2. Isolierung von CD4 + T-Lymphozyten von transgenen Mäusen OTII

Hinweis: Abbildung 1 fasst diesen zweiten Schritt. Lymphknoten sollte statt Milz CD4 + T-Zellen zu isolieren, verwendet werden, da der Anteil von CD4 + Lymphozyten in Lymphknotens (~ 50%) größer ist als in der Milz (~ 25%), und daher wäre die Reinigung effektiver.

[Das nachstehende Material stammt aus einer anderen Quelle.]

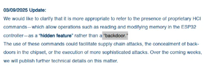 目前,Tarlogic官网显示已经于当地时间3月9日对上述内容做了更新和澄清,将上述指令用“hidden feature”(隐藏功能)替代“backdoor”(后门),表示使用这些命令可能会促进供应链攻击、隐藏芯片组中的后门或执行更复杂的攻击。
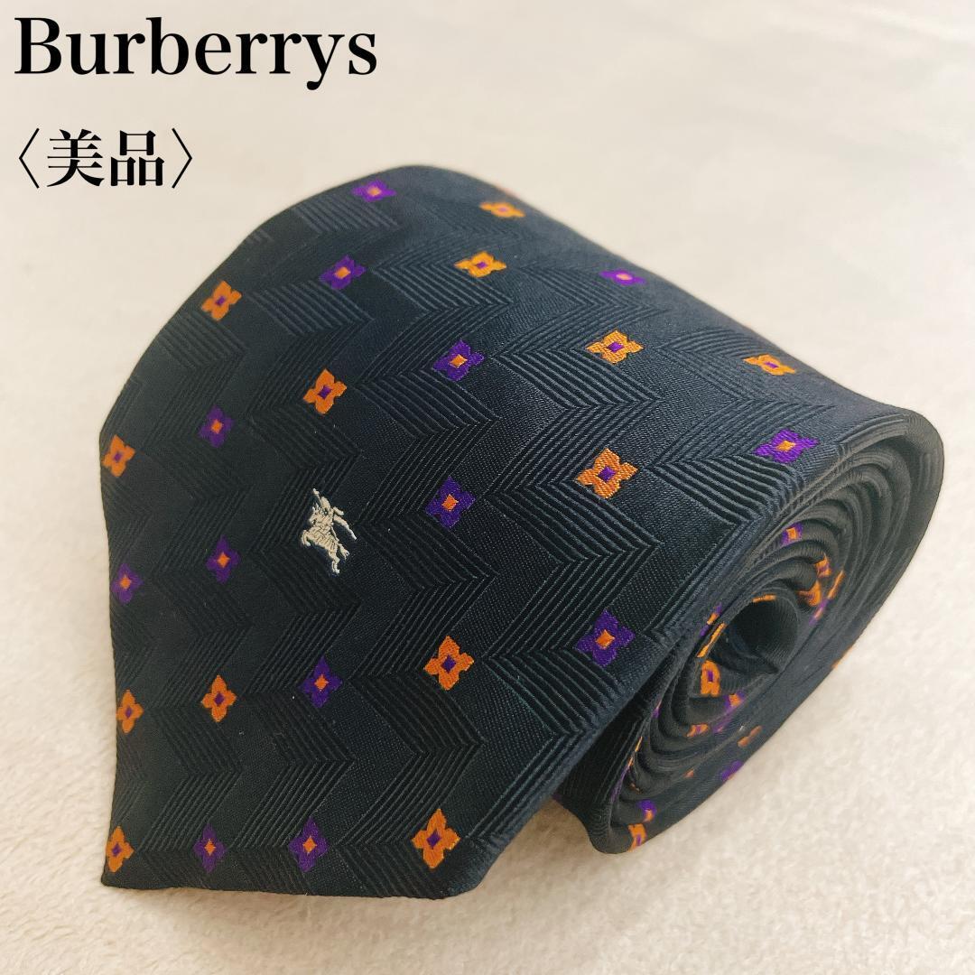 > 【美品】Burberrys バーバリー ネクタイ シルク100% 小紋 日本製 ロゴ 刺繍 クラシック 希少 ヴィンテージ スーツ ビジネス 高級感 4-23

  1. Machen Einzelzellsuspension von Lymphknoten
    1. Entfernen Leisten, Achsel, brachial und Hals-und Mesenteriallymphknoten 23 aus OTII transgenen Mäusen und Transfer in einer Kunststoffschale mit 10 ml RPMI 10% FBS-Medium.
    2. Grind Lymphknoten unter einer sterilen Haube mit zwei mattierten Objektträger. Zeigen Lymphknoten auf einem mattierten Seite von einem Mikroskop-Objektträger, und reiben Sie mit satiniertem Seite der zweiten Schieber, bis Organen geschliffen worden.
    3. Waschen Einzelzellsuspension in PBS / BSA / EDTA-Puffer.
    4. Filtern Sie die Zellen, wenn eine Zelle Sieb (70 & mgr; m) Bindegewebe zu entfernen und waschen mit PBS / BSA / EDTA-Puffer.
    5. Resuspendieren der Zellen in 1 ml ACK-Lysepuffer und Inkubation für 1 min bei RT, um rote Blutzellen zu beseitigen.
  2. Isolierung von CD4 + T-Zellen
    1. Erneut waschen wie in Schritt 2.1.3 und ZählungZellen, um sie bei 100 x 10 6 Zellen / ml in PBS / BSA / EDTA-Puffer resuspendieren. Hinzufügen biotinylierten Antikörper gegen CD8, IgM, B220, CD19, MHC Klasse II (I-Ab), CD11b, CD11c und DX5 auf 1: 250 für 30 Minuten auf Eis für eine spätere negative Selektion von CD4 + T-Zellen.
    2. Wash-Zellen in PBS / BSA / EDTA-Puffer und Inkubation der Zellen (100 x 10 6 Zellen / ml) mit Streptavidin-Mikroperlen in der in dem Protokoll des Herstellers empfohlen, für 15 Minuten auf Eis-Konzentration.
    3. Wasche die Zellen in PBS / BSA / EDTA-Puffer und filtern, wenn eine Zelle Sieb (30 um) vor CD4 + T-Zellisolations.
    4. Isolieren CD4 + T-Zellen durch negative Selektion unter Verwendung eines magnetischen Zelltrennmaschine nach dem Protokoll des Herstellers.
    5. Zähle die Zellen und stellen bis 4 x 10 6 Zellen / ml mit RPMI 10% FBS-Medium (ohne Antibiotika).
    6. Fix und halten auf Eis isoliert CD4 + T-Zellen (3 x 10 5 Zellen), um die Reinheit von Fluss überprüfenZytometer wie beschrieben 24. Ein Beispiel für CD4 + T-Zellen, Reinigung wird in 3C gezeigt.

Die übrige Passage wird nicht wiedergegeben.